The last rebel supply route into the besieged Syrian city of Aleppo has been cut by regime forces, according to the UK-based Syrian Observatory for Human Rights. If confirmed, the development would be a major boost for forces loyal to the regime of President Bashar al-Assad and a devastating blow to the rebels.
There are now fears the 300,000 civilians in the rebel-held enclaves in the east of Aleppo could be starved out and aid agencies warn food could run out within weeks. Unicef has warned that medical facilities have been deliberately targeted and food warehouses have also been bombed.
The announcement comes after the Syrian regime siezed Castello Road, which had been used as a supply line. The army then texted residents of Aleppo and told them to lay down their weapons.
Some humanitarian corridors are said to have been established for civilians, but it is unclear if any would be able to use them without being fired on by one side or another.

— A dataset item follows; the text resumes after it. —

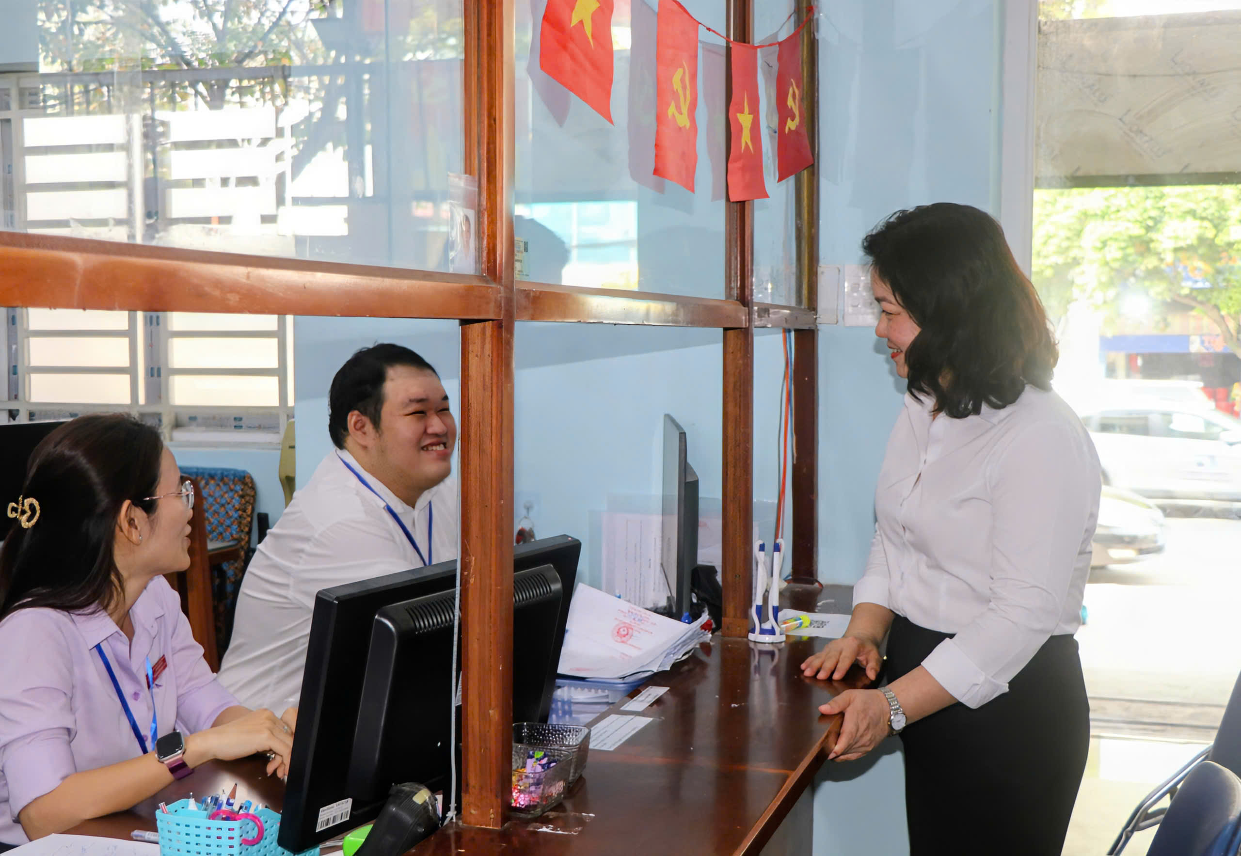 Đồng chí Nguyễn Thị Mỹ Hằng khảo sát tại Trung tâm phục vụ hành chính công phường Phú Thuận

Aleppo has been continually bombarded for much of the five-year civil war, in which up to 400,000 people have died across Syria. Most recently on Tuesday (26 July), 18 people died in the al-Mashhad neighbourhood of Aleppo when it came under attack from government thelicopters, Al Jazeera reported. Earlier this week, 42 civilians were killed in the nearby city of al-Atareb, again by pro-al-Assad government forces.
Ordinary civilians in Syria have been killed by all sides during the fighting. The Islamic State (Isis) has also inflicted heavy losses in recent days, killing almost 50 people in a truck and motorcycle bomb attack in Qamishli, to the east.
Last week US-led coalition air strikes killed between 56 and 167 civilians near Manbij, where IS (Daesh) had been reportedly using them as human shields. The US will launch a formal investigation into the incident, US military spokesman Colonel Chris Garver said.